- [Task description]:
Strip out all images, then restate the data verbatim.
(Provided material Opens)
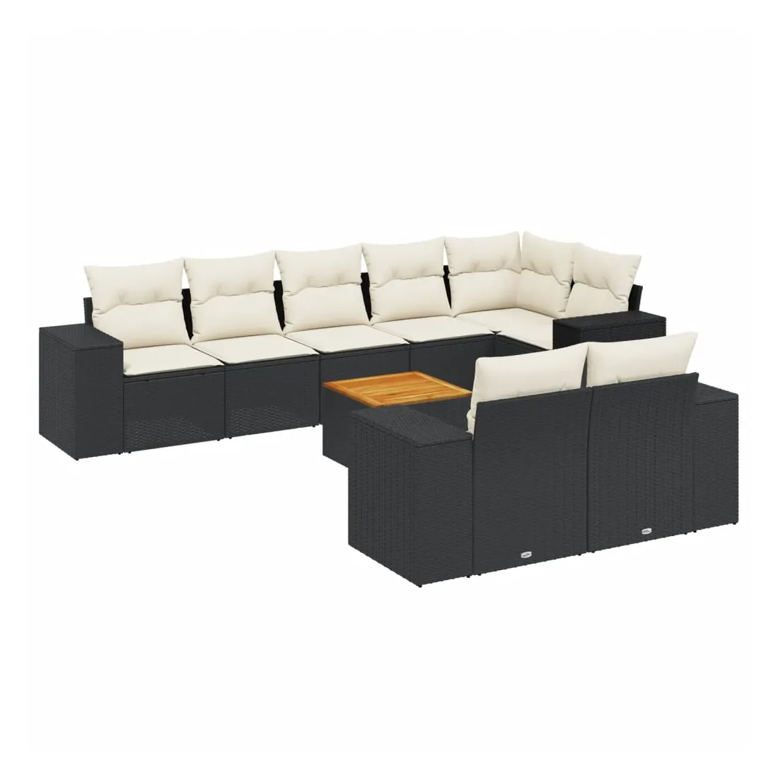 Cet ensemble de canapés de jardin est le complément parfait de votre arrière-cour, terrasse ou patio, offrant un espace confortable et accueillant pour discuter avec la famille et les amis ou simplement se détendre et profiter de l'extérieur. Matériau durable : la résine tressée, également connue sous le nom de poly rotin, est un matériau synthétique solide et nécessitant peu d'entretien qui ressemble au rotin naturel. Il est léger, facile à nettoyer et couramment utilisé pour les meubles d'extérieur en raison de sa durabilité et de ses propriétés de résistance aux intempéries.Dessus stable et facile à nettoyer : cette table de jardin a un dessus en bois d'acacia robuste, durable et facile à nettoyer avec un chiffon humide. Fonction de rangement avec sac résistant à l'eau : chaque siège de jardin dispose d'un espace de rangement sous l'assise, complété par un sac résistant à l'eau pour ranger les coussins, les jouets et d'autres objets. Les sacs intérieurs sont dotés d'un couvercle et peuvent être solidement fixés aux sièges à l'aide de bandes auto-agrippantes pour plus de stabilité.Expérience d'assise confortable : ce mobilier d'extérieur, doté de coussins épais, offre une expérience d'assise confortable.Conception modulaire : cet ensemble de meubles d'extérieur a une conception modulaire, ce qui le rend complètement flexible et facile à déplacer, afin que vous puissiez créer un agencement de meubles d'extérieur personnalisé. Bon à savoir :Pour que vos meubles d'extérieur restent beaux, nous vous recommandons de les protéger avec une housse imperméable.
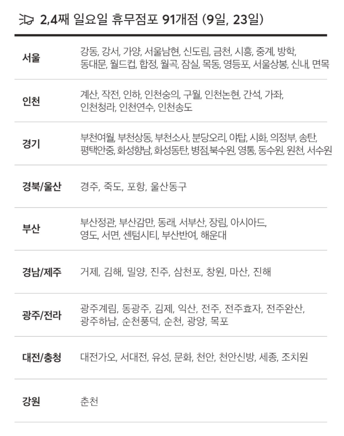 홈플러스 휴무일 7월 9일, 7월 23일 휴무 매장
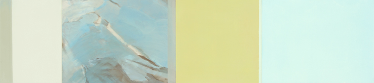 Ein Besuch Das Atelier ist eine Garage: Ein Tor, kahle, rauhe, weiss getünchte Wände ohne Fenster, Röhren, die sich hinauf und hinab und den Wänden entlang ziehen. In diesem karg anmutenden Raum entsteht eine äusserst sensitive, verhaltene Kunst, die den Betrachter zuerst nur fein, dann aber immer nachhaltiger berührt. Die träumerisch schwebenden Farbklänge, der Beziehungsreichtum der Formen, die die Künstlerin Esther Huber in ihren Bildern schafft, laden dazu ein, sich in einem Reich der Stimmungen, vielleicht der Erinnerungen und Ahnungen zu verlieren. Das Tor ist immens, 4 Meter hoch, 4 Meter breit. Den Raum betritt man durch eine kleine Türe, die in die weite, aus strukturiertem Gussglas bestehende Fläche eingelassen ist. Das Tor selbst wirkt, wie wenn es für immer und ewig verschlossen wäre: es sperrt die Aussenwelt kraftvoll aus. Licht flutet durch die undurchsichtige Gussglasfläche in das Atelier; die Fläche lässt aber kein einziges Bild hinein – und keinen einzigen Blick hinaus. Die Garage hat sich gewandelt zum hermetischen Kunst-Raum, einem idealen Gefäss für die starke Verinnerlichung und hohe Konzentration, aus der die Werke Esther Hubers entstehen. In diesem Raum sitzend gerate ich, ausgehend von der Frage, was sie angesichts der leeren Leinwand empfinde, mit Esther Huber ins Gespräch. Ratlosigkeit, Hilflosigkeit habe sie dann früher jeweils ergriffen. Mit der Zeit hat sie aber Mittel gefunden, dieser Ohnmacht vorzubeugen. Einen Rahmen herstellen, ihn mit Leinwand – häufig einem Baumwollstoff – bespannen, diese Leinwand vorleimen, grundieren, die Ei-Tempera Farben anrühren und mischen: Diese handwerkliche Arbeit, der sie sich ganz und mit Musse überlässt, regt den künstlerischen Prozess an und stimmt das Material durch die richtige und respektvolle Behandlung günstig – so merkwürdig das klingen mag. Aus dieser „Tuchfühlung“ kann sich der Akt des Malens ganz direkt und natürlich ergeben. Ein weiterer Schritt kommt aber oft dazu: Esther Huber malt Innenwelten. Damit diese fliessenden, sich beständig umgestaltenden Landschaften aus dem Seelenraum aber in die Sichtbarkeit treten können, braucht es einen Stimulus, der sie Ausdruck finden lässt in einem Gefühl oder in einer Stimmung. Dieser Stimulus ist häufig eine Fotografie oder eine Zeichnung, die die Künstlerin selbst gemacht hat. Fotografie und Zeichnung sind also keine Vorlagen, sondern so etwas wie Punkte, um welche sich, was von Innen unbestimmt nach Ausdruck drängt, als ein Gefühl oder als eine Stimmung abzeichnet. Dieses Gefühl, diese Stimmung setzt Esther Huber dann in einem spontanen, intuitiven Gestus auf der Leinwand als eine erste Spur malerisch um. In ihrer tastenden Offenheit besitzt diese Spur eine vibrierende Lebendigkeit und eröffnet den Dialog zwischen dem, was ins Bild drängt, und der Künstlerin, die es ins Bild setzt. Es ist ein Sich-offen-Halten gegenüber dem, was in die Erscheinung treten möchte, ein Verzicht auf verfügende Macht, ein Prozess, in dem sich hohe Rezeptivität und gestaltende Kraft durchdringen. Aus diesem Dialog, diesem Hin und Her entsteht in einem Malvorgang, der Farbschicht über Farbschicht legt und die Farbklänge in Strukturen anordnet, schliesslich das Bild. Dieses Bild steht in Esther Hubers Kunst allerdings kaum je allein, sondern bildet zusammen mit einer oder mehreren monochromen Tafeln schliesslich ein mehrteiliges Kunstwerk. Die monochromen Flächen, transparent für die Fülle verschiedenster Farbtöne, die ihnen, übereinander gelegt, Tiefe verleihen, stützen das Hauptbild ab, nehmen es auf und verdeutlichen gleichzeitig seine Ausschnitthaftigkeit, seine Fragmentarität. In den Farben und Formen, die sie schafft, wird die Malerin zur Gesprächspartnerin einer inneren, die Grenzen des in herkömmlichen Bildern Erfassbaren überschreitenden Welt. Zu einem ähnlichen Gespräch möchten die Bilder nun auch den Betrachter bewegen. Das kann gelingen, weil Esther Huber den Weg, den sie sich hat weisen und die Gegenden, in die sie sich hat führen lassen, im Bild so sichtbar werden lässt, dass dieses auch seinen aufmerksamen Betrachter aus Grenzen hinausführt.
(Provided material Closes)
- [Problem solution]:
 Cet ensemble de canapés de jardin est le complément parfait de votre arrière-cour, terrasse ou patio, offrant un espace confortable et accueillant pour discuter avec la famille et les amis ou simplement se détendre et profiter de l'extérieur. Matériau durable : la résine tressée, également connue sous le nom de poly rotin, est un matériau synthétique solide et nécessitant peu d'entretien qui ressemble au rotin naturel. Il est léger, facile à nettoyer et couramment utilisé pour les meubles d'extérieur en raison de sa durabilité et de ses propriétés de résistance aux intempéries.Dessus stable et facile à nettoyer : cette table de jardin a un dessus en bois d'acacia robuste, durable et facile à nettoyer avec un chiffon humide. Fonction de rangement avec sac résistant à l'eau : chaque siège de jardin dispose d'un espace de rangement sous l'assise, complété par un sac résistant à l'eau pour ranger les coussins, les jouets et d'autres objets. Les sacs intérieurs sont dotés d'un couvercle et peuvent être solidement fixés aux sièges à l'aide de bandes auto-agrippantes pour plus de stabilité.Expérience d'assise confortable : ce mobilier d'extérieur, doté de coussins épais, offre une expérience d'assise confortable.Conception modulaire : cet ensemble de meubles d'extérieur a une conception modulaire, ce qui le rend complètement flexible et facile à déplacer, afin que vous puissiez créer un agencement de meubles d'extérieur personnalisé. Bon à savoir :Pour que vos meubles d'extérieur restent beaux, nous vous recommandons de les protéger avec une housse imperméable.
 홈플러스 휴무일 7월 9일, 7월 23일 휴무 매장
 Ein Besuch Das Atelier ist eine Garage: Ein Tor, kahle, rauhe, weiss getünchte Wände ohne Fenster, Röhren, die sich hinauf und hinab und den Wänden entlang ziehen. In diesem karg anmutenden Raum entsteht eine äusserst sensitive, verhaltene Kunst, die den Betrachter zuerst nur fein, dann aber immer nachhaltiger berührt. Die träumerisch schwebenden Farbklänge, der Beziehungsreichtum der Formen, die die Künstlerin Esther Huber in ihren Bildern schafft, laden dazu ein, sich in einem Reich der Stimmungen, vielleicht der Erinnerungen und Ahnungen zu verlieren. Das Tor ist immens, 4 Meter hoch, 4 Meter breit. Den Raum betritt man durch eine kleine Türe, die in die weite, aus strukturiertem Gussglas bestehende Fläche eingelassen ist. Das Tor selbst wirkt, wie wenn es für immer und ewig verschlossen wäre: es sperrt die Aussenwelt kraftvoll aus. Licht flutet durch die undurchsichtige Gussglasfläche in das Atelier; die Fläche lässt aber kein einziges Bild hinein – und keinen einzigen Blick hinaus. Die Garage hat sich gewandelt zum hermetischen Kunst-Raum, einem idealen Gefäss für die starke Verinnerlichung und hohe Konzentration, aus der die Werke Esther Hubers entstehen. In diesem Raum sitzend gerate ich, ausgehend von der Frage, was sie angesichts der leeren Leinwand empfinde, mit Esther Huber ins Gespräch. Ratlosigkeit, Hilflosigkeit habe sie dann früher jeweils ergriffen. Mit der Zeit hat sie aber Mittel gefunden, dieser Ohnmacht vorzubeugen. Einen Rahmen herstellen, ihn mit Leinwand – häufig einem Baumwollstoff – bespannen, diese Leinwand vorleimen, grundieren, die Ei-Tempera Farben anrühren und mischen: Diese handwerkliche Arbeit, der sie sich ganz und mit Musse überlässt, regt den künstlerischen Prozess an und stimmt das Material durch die richtige und respektvolle Behandlung günstig – so merkwürdig das klingen mag. Aus dieser „Tuchfühlung“ kann sich der Akt des Malens ganz direkt und natürlich ergeben. Ein weiterer Schritt kommt aber oft dazu: Esther Huber malt Innenwelten. Damit diese fliessenden, sich beständig umgestaltenden Landschaften aus dem Seelenraum aber in die Sichtbarkeit treten können, braucht es einen Stimulus, der sie Ausdruck finden lässt in einem Gefühl oder in einer Stimmung. Dieser Stimulus ist häufig eine Fotografie oder eine Zeichnung, die die Künstlerin selbst gemacht hat. Fotografie und Zeichnung sind also keine Vorlagen, sondern so etwas wie Punkte, um welche sich, was von Innen unbestimmt nach Ausdruck drängt, als ein Gefühl oder als eine Stimmung abzeichnet. Dieses Gefühl, diese Stimmung setzt Esther Huber dann in einem spontanen, intuitiven Gestus auf der Leinwand als eine erste Spur malerisch um. In ihrer tastenden Offenheit besitzt diese Spur eine vibrierende Lebendigkeit und eröffnet den Dialog zwischen dem, was ins Bild drängt, und der Künstlerin, die es ins Bild setzt. Es ist ein Sich-offen-Halten gegenüber dem, was in die Erscheinung treten möchte, ein Verzicht auf verfügende Macht, ein Prozess, in dem sich hohe Rezeptivität und gestaltende Kraft durchdringen. Aus diesem Dialog, diesem Hin und Her entsteht in einem Malvorgang, der Farbschicht über Farbschicht legt und die Farbklänge in Strukturen anordnet, schliesslich das Bild. Dieses Bild steht in Esther Hubers Kunst allerdings kaum je allein, sondern bildet zusammen mit einer oder mehreren monochromen Tafeln schliesslich ein mehrteiliges Kunstwerk. Die monochromen Flächen, transparent für die Fülle verschiedenster Farbtöne, die ihnen, übereinander gelegt, Tiefe verleihen, stützen das Hauptbild ab, nehmen es auf und verdeutlichen gleichzeitig seine Ausschnitthaftigkeit, seine Fragmentarität. In den Farben und Formen, die sie schafft, wird die Malerin zur Gesprächspartnerin einer inneren, die Grenzen des in herkömmlichen Bildern Erfassbaren überschreitenden Welt. Zu einem ähnlichen Gespräch möchten die Bilder nun auch den Betrachter bewegen. Das kann gelingen, weil Esther Huber den Weg, den sie sich hat weisen und die Gegenden, in die sie sich hat führen lassen, im Bild so sichtbar werden lässt, dass dieses auch seinen aufmerksamen Betrachter aus Grenzen hinausführt.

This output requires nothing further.